Иван смотрит на меня и тоже расплывается в улыбке. И ребята тоже тихо и благостно улыбаются. Да, оказывается, есть жизнь на свете: и река, и рыбалка, и ясный день. Просто мы месяц ничего не видели, кроме глины, лопат, кувалды и буровых штанг, ничего не чувствовали, кроме злости и усталости, потому что неудача застит мир, а удача — вот она! — открывает его заново: дыши, живи и радуйся.
Иван с Мишкой сели в кабину водовозки, мы взгромоздились на железную бочку — вдоль нее с двух сторон есть длинные деревянные ящики и там много всяких упоров, скоб, захватов и других приспособлений, чтобы не свалиться — и покатили с бугра вниз, по спекшейся от зноя дороге, огибая село, пересекая наискось огромную долину, на самом краю которой, за грядой пирамидальных тополей, струится невидная даже с десяти — двадцати метров река. Все здесь есть: и песчаные пологие берега, и густые тальниковые заросли, но все в уменьшенном, игрушечном виде, потому что река эта — просто-напросто ручей, текущий с гор, и в самом узком месте человек может лечь в него и наглухо перегородить, как плотина, а глубина в самом глубоком месте — по колено, а если кому посчастливится набрести на яму, то по пояс.
Но мы купаемся и плещемся, как в большой реке, с беготней, с ревами и криками, с нырянием, аханьем и оханьем. Я первым не выдерживаю, вылезаю на берег и зарываюсь в горячий песок: ручей ручьем, но течение быстрое и вода ледяная, не прогревается даже в сорокаградусную жару.
Река… — дремотно думаю я, глядя сквозь полуприкрытые веки на маленькие тальники, на сверкающую воду. Никак я не могу привыкнуть, что в этих краях такие ручьи всерьез называют рекой. Даже на дорогах и перед мостами поставлены столбики с табличками: река такая-то, и название есть. Но ведь шутки шутками, а из этого ручья, перегороженного двумя плотинами, набралось воды для двух больших озер. Они отсюда недалеко, но мы не поехали туда — берега там уже плохие, топкие: вода спадает с каждым днем, к концу лета вся уйдет на полив, и потом снова будет набираться, натекать из этого ручья.

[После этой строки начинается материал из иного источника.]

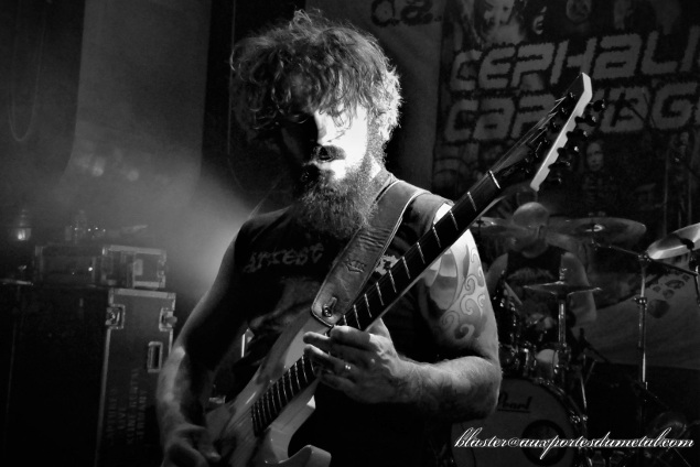Les messages délivrés par le frontman tournent beaucoup autour de la picole et la fumette... il nous avouera lui-même qu'il est bien défoncé ce soir. Tout cela se déroule dans une ambiance assez bon enfant... et tout d'un coup, sur l'avant-dernier titre, les membres du groupes revêtent des masques flippants ou juste... bizarres (le bassiste, excellent soit dit en passant, choisira une tête de cheval)... c'est le carnaval, mais le carnaval du chaos ! Le batteur est hallucinant de maîtrise et de puissance... on aimerait pas être à la place de son instrument. Désolé de ne pas vous en dire beaucoup plus sur la musique ou les titres joués, j'avoue totalement mon inculture pour ce qui est de ce groupe. Une confirmation personnelle : le grind, ce n'est vraiment pas pour moi... mais voir Cephalic Carnage sur scène reste une expérience intéressante.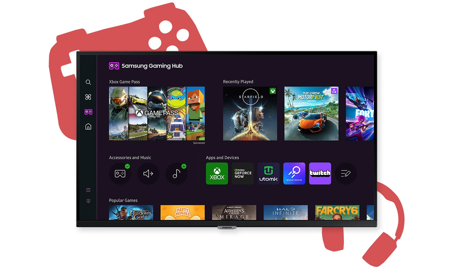 Con el Smart Monitor M5, disfruta de Samsung Gaming Hub que es el hogar definitivo para los juegos. Disfruta al instante los mejores títulos de los principales socios de streaming, sin necesidad de un PC o una consola. Descubre nuevos juegos o revisita tus favoritos en un solo lugar.
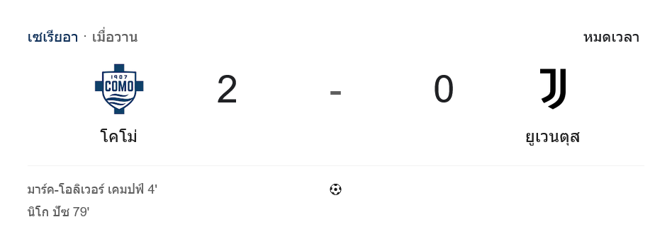 ศึก กัลโช่ เซเรียอา ค่ำคืนสุดดราม่า กลายเป็นเกมที่แฟนบอลทั้งลีกต้องพูดถึงเมื่อ โคโม ทีมกลางตารางสร้างเซอร์ไพรส์เปิดบ้านดับเครื่องร้อน ยูเวนตุส ไปแบบจุกๆ 2-0 จากผลงานสุดโหดของ นิโก ปาซ ที่ยิง 1 จ่าย 1 พาทีมคว้าชัยสำคัญ ท่ามกลางเสียงเชียร์ลั่นสนาม ด้าน บ้านกีฬา เกาะติด ผลบอลสด แบบเรียลไทม์มาเสิร์ฟครบทุกจังหวะมันส์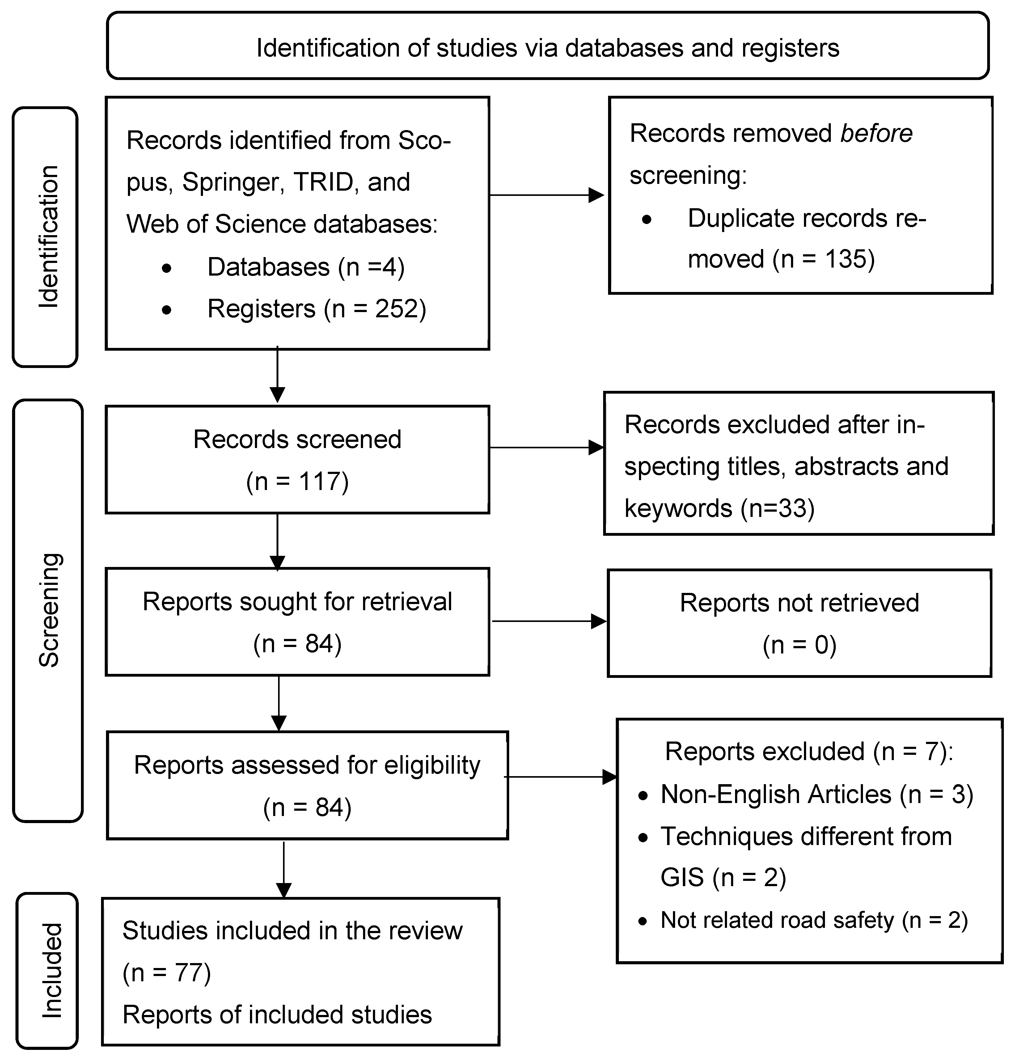 A comprehensive literature search was performed on road traffic crash analysis. Relevant studies have been collected from Scopus, Springer, TRID, and Web of Science databases. Carefully selected keywords, including GIS, accident analysis, and road accident, were used to identify pertinent journals. The screening pipeline depends on the desired presentation Items for the PRISMA approach, as illustrated in Figure 1. A total of 252 papers matching the search criteria were identified across both databases. After removing duplicate documents, 117 articles have been identified for primary evaluation. Depending on keywords found in the topics, abstracts, and keywords, 84 articles were selected for the first round of assessment.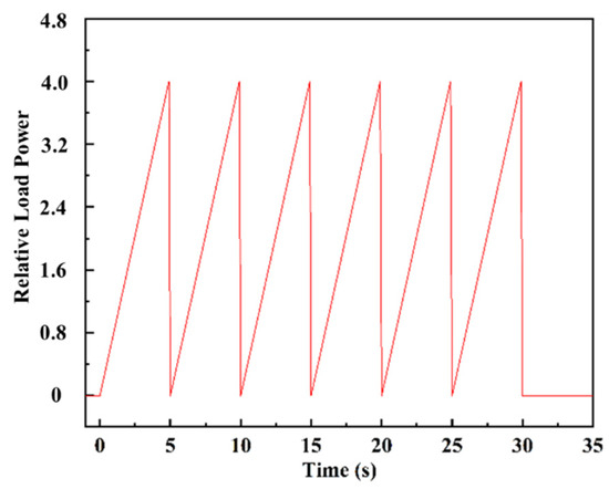 where , , , represent the power–time curve functions for the load, parallel gensets, supercapacitor, and battery during the rectangular LPPL operation, respectively. and are the sub-functions of , and are the sub-functions of . represents the load cycle time, represents the number of load operation cycles, and represents the time for load mutations at the rising or falling edge.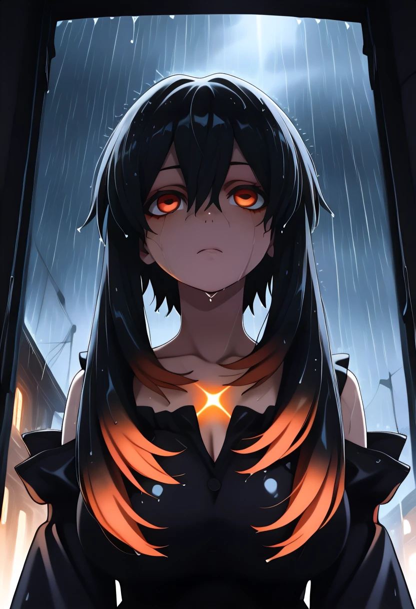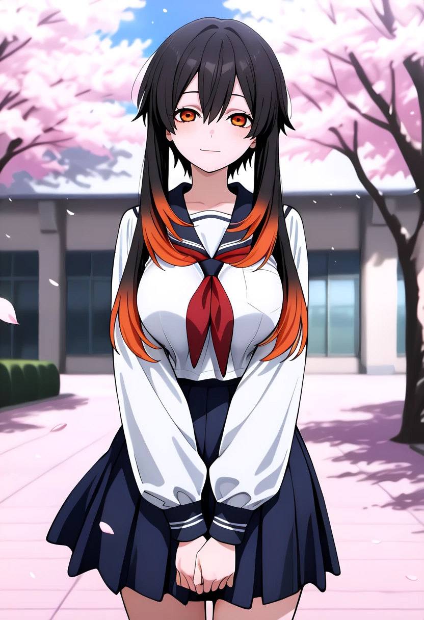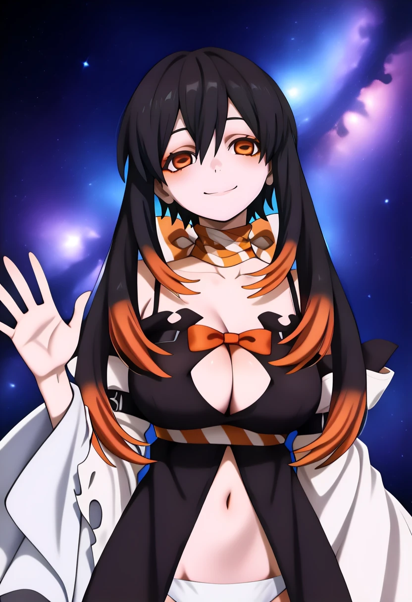 1girl, solo, very long hair, hair between eyes, short hair with long locks, multicolored hair, black hair, orange hair, orange eyes, colored tips, horizontal pupils, large breasts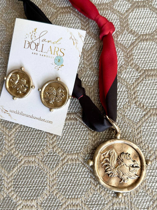 Gamecock Scarf Necklace and Gold Earrings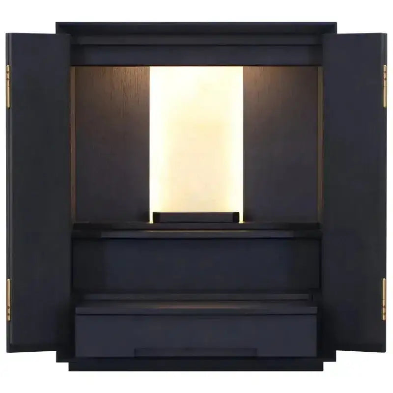 黒でもない、少し灰色が混ざったような絶妙な墨黒色のモダン仏壇。背面は月の光を箔で表現し、和室でも洋室でもマッチします。

А в нашем городке река настоящая, равнинная, с весенним разливом, когда конца и краю не видать, и плывут по этой безбрежной воде копны соломы, сараи да смытые паводком крошечные дачные домики. К июню она входит в берега, и начинается там, на берегах этих, особенно у города, своя жизнь.

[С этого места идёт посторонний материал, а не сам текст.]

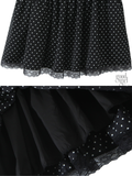 Embrace a playful elegance with the Sky Polka Dot Lace Mini Dress. This charming black and white polka dot design features delicate spaghetti straps and a flattering A-line silhouette. Perfect for warm weather, its intricate lace trim adds a touch of romantic allure, making it an ideal choice for a sophisticated yet fun look.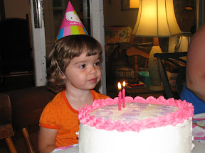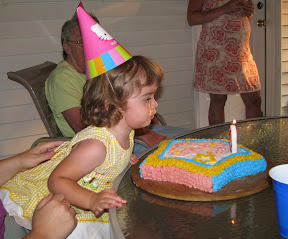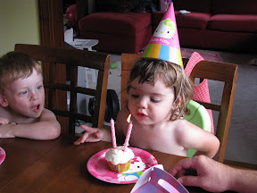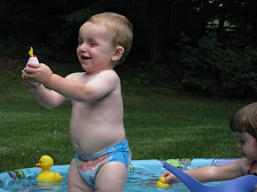 We started with a party at Grandma Gail's house with my side of the family. Grandma and Amy did a great job putting the little party together and we thank them very much. The only really damper on the day was the weather which was 100 degrees, overcast and very, very humid. Grace didn't notice as she spent most of the day in the kiddie pool that Amy brought over. Her cousin Gray joined in the fun too.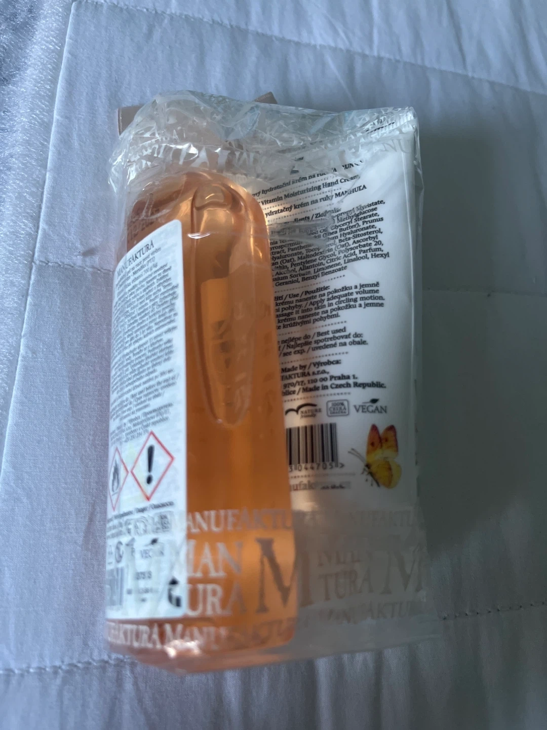 MANUFAKTURA Apricot moisturizing hand cream and revitalizing shower gel gift set. Both are apricot scented and come in a clear plastic bag with a ribbon and tag.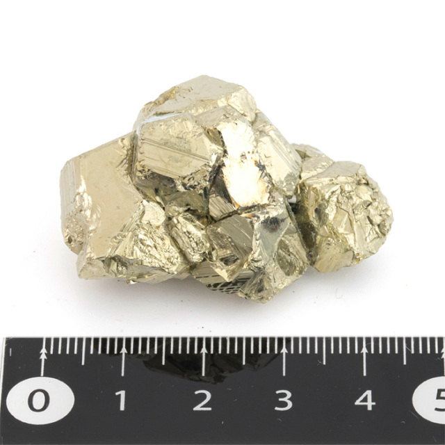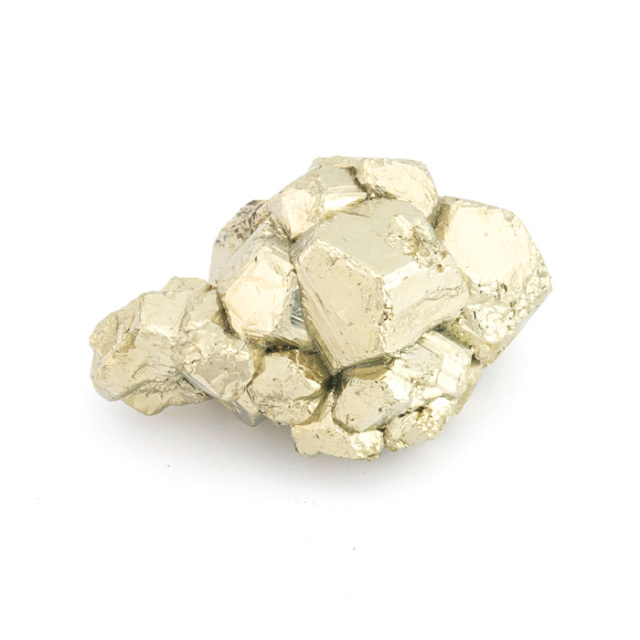 パイライト(Pyrite)は、鉄と硫黄から成る硫化鉱物です。金属光沢のある真鍮~黄金色で、立方体や八面体の美しい結晶を作ることが多いのが特徴です。その見た目の輝きと金属的な光沢が金に似ており、金と間違われることがあるため「愚者の金(fool's gold)」とも呼ばれています。

Наш детдом был почти у реки, на горе. И летом, после завтрака, мы, захватив длинные тальниковые удилища, бежали по деревянному тротуару с перилами вниз, к маслобойке, к зеленым ее воротам, и терпеливо ждали, когда сторож вынесет нам в замызганном фартуке куски пахучего жмыха. Расхватываем его и — по деревянному мосту — на тот берег, где крутой поворот и песчаный мысок. За поворотом — разрушенная плотина, и потому вода здесь ходит кругами. А нам, для рыбалки с прикормом, только этого и надо: жмых не сносит течением, а крутит на одном месте. Пескарь и чебак от одного только запаха жмыха дуреют и хватают наживку не глядя. Только успевай насаживать червя, надевать рыбешку на кукан да подбрасывать прикорм. Но вдруг, разом, клев кончается и начинается маета, никакой прикорм не помогает. Так чего ж его зря расходовать, лучше самому грызть потихоньку: такой сытный запах, такой масляный вкус во рту, вкуснее, чем самые вкусные семечки… А когда снова начинается поклевка и нужен прикорм, его-то и нет уже, съели весь жмых. Да и пора уже на обед, рыбу надо на кухню сдавать, чистить… Вкус той жареной рыбешки, золотистой, хрустящей на зубах, до сих пор помню…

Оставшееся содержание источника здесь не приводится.